Merci, Professeur Kahn, pour votre exposé si profondément humain. Je me sens en parfait accord avec ce que vous dites de l’altérité : nous nous construisons à travers notre relation avec l’autre. Cette construction qui nous amène à grandir en humanité est parfois très difficile. La relation peut nous faire peur, car l’autre est différent. L’étranger m’enrichit quand il y a une base de confiance mutuelle, mais comme vous le dites, il peut aussi devenir l’ennemi à abattre pour ne pas être abattu moi-même.

J’ai rencontré il y a peu de temps une assistante à l’Arche qui m’a confié qu’elle avait eu peur de la relation, car ses parents étaient toujours en conflit. Elle a décidé, jeune alors de consacrer toutes ses énergies au succès et de fermer son cour à toute relation. Elle a réussi dans ses études et sa vie professionnelle. À l’âge de trente ans cependant elle a senti un malaise en elle ; elle s’est rendu compte qu’elle portait un masque. Puis, un jour elle est entrée dans une communauté de l’Arche. Elle a découvert la relation qui libère et qui ouvre le cœur.

La question est comment transformer nos énergies tendues vers le succès personnel et le désir de gagner plus d’argent et de pouvoir, en des énergies qui nous ouvrent aux autres, spécialement aux personnes les plus faibles de notre grande famille humaine.

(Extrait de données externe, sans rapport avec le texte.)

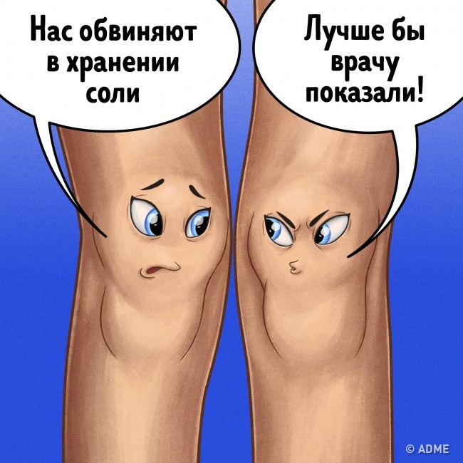 Популярні міфи свідчать: часта причина дискомфорту в суглобах — відкладення солей. Треба рятуватися БАДами, примочками, детокс-програмами і впадати в кому при вигляді солоної їжі.

Je suis touché de ce que vous dites des enfants ayant un handicap qui peuvent devenir source de joie pour leurs parents et source d’enrichissement et d’humanisation pour les élèves d’une classe. C’est ce que nous découvrons dans nos communautés de l’Arche et de Foi et Lumière.

En 1979 dans l’un de nos foyers de l’Arche à Trosly, nous avons accueilli Françoise. Elle avait 46 ans et souffrait de lourds handicaps mentaux. Elle avait peu d’autonomie : elle ne parlait pas, ne pouvait pas manger seule et marchait avec beaucoup de difficultés. Aujourd’hui elle a 74 ans ; elle est devenue aveugle et ne quitte que rarement son lit ; elle manifeste sa joie ou ses difficultés et ses angoisses par de petits cris. Ceux qui vivent avec elle dans le foyer l’aiment beaucoup et l’appellent « notre petite mamie ». Ils cherchent à comprendre ses cris. Françoise est la joie de son foyer. Dans sa grande pauvreté, elle humanise ceux qui l’entourent et qui sont si attentifs à tous ses besoins. Leur relation avec elle semble les transformer.

Quand un de mes amis, un homme d’affaire parisien, a su que sa femme avait la maladie d’Alzeihmer, il n’a pas voulu la mettre dans une institution. Il a décidé de la garder chez eux. Il lui donne le bain, la nourrit, lui prodigue tous les soins dont elle a besoin. Il m’a dit : « je suis devenu plus humain. »

Quelle est cette ouvre d’humanisation qui se réalise quand nous ouvrons notre cour aux plus faibles ?

Nous sommes aujourd’hui dans une culture qui met à l’honneur l’individualisme et la jeunesse éternelle : la beauté du corps, le succès, le pouvoir et l’autonomie. La lutte pour le succès personnel tend à durcir les cours et à enfermer les gens sur eux-mêmes. Elle incite au mépris des faibles mais aussi de ceux qui sont différents.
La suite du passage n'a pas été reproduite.